以前からイルカ漁は残酷だとしてオーストラリアのシーシェパードを中心にその声はますます広がりを見せている。

あなたはこの現状をどう思っているだろうか?

日本と外国、双方の主張

おそらく、「イルカ漁は日本の伝統文化だ。外国に文句を言われる筋合いはない」、「犬を食べてる国もあるじゃないか」、「食文化は互いに尊重されるべきだ」という声がほとんどだろう。実際、私もそう思っている。

しかし、一方で反対する人達の意見も分かる。イルカは人間に匹敵する知能を持つとも言われている。つまり、見方によっては人を殺して食べるのと同じなのだ。この考えは行き過ぎにしろ、食の為とはいえ人間と同じような感情を持っている動物を殺すのは抵抗があるのは当然だろう。同じく犬も人間の小さな子供程度の知能があると言われているので、犬食文化の無い日本では抵抗が大きいと思う。

また、イルカ漁に反対している一部の外国人が「養殖すればいい!」と言ってるようだが、養殖のほうが残酷だろう。感情がある動物を殺し食す為だけに育てることほど残酷なことは無い。

「残酷」の基準

「何が残酷で、何が残酷でないか?」

その線引きは難しいが、その度合いは動物によって異なるのは間違いない。そして、その度合いは「感情」で決まると私は考える。

魚介類を殺したところで残酷だと思う人は少ないと思う。グロテスクという意味合いでの残酷さはあるが、感情に訴えかけるようなものはほとんどない。

一方で、イルカや犬、猫なんかもそうだろう。人間に”懐く”動物を殺すことは残酷に感じるはずだ。まるで家族や友人のように親密になったら誰であっても殺すことを躊躇してしまう。

また、多くの国でサルを食べることは無いが、これも感情的なものだろう。そのサルに感情が無くても、人間がサルに向ける感情というのは特別なものだ(姿形が人間に近いのだから)。

文化を尊重することも大事、妥協しあうことも大事

冒頭でも言ったが、それぞれの国の文化は尊重すべきだ。しかし、時代の変化に適応していくことも大切だと思う。日本には数多くの文化があったがその多くは時代の流れによって廃れ、あるいは別の姿に変わっているわけだ。
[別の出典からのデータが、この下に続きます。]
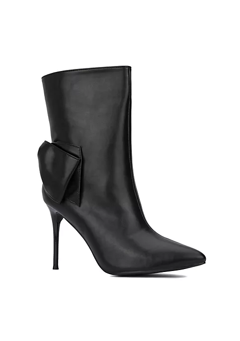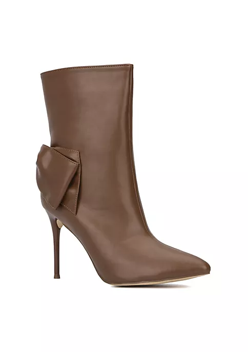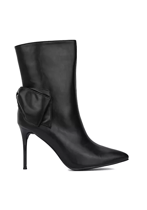 The Mila pointed toe ankle bootie features oversized bow accents on the sides, stiletto heels, and exposed zip closure at sides. Upper: 100% Faux Leather Outsole: 100% Rubber Lining: 80% Faux Suede, 20% Faux Leather Heel height: 3.5″ Shaft height: 6.5″ Shaft circumference: 13″

例えば、江戸時代には「晒し首」という文化があったが、やはり残酷だったのだろう。今では完全に見ることは無い。つまり、「伝統だから」という理由で必ずしも存続させる必要性は無いのだ。

文化には良いも悪いもある。反発の声が大きくなればその文化は廃れていくだろうし、むしろそうあるべきなのだろう。100人中99人が反対して、たった1人が賛成していてもそれは「世間と価値観がずれている」ことになるからだ。これは日本に限った話ではなく、犬を食べる韓国を始めとしたアジア諸国もそうだし、他の国でも同じことが言えるだろう。

日本が日本人のものである以前に、地球は地球人のものなのだ。国交が無い時代は自国中心で考えていればよかったが、今はそうはいかない時代なのだ。世界の国々と折り合いをつけて生きていくことが大事なのである。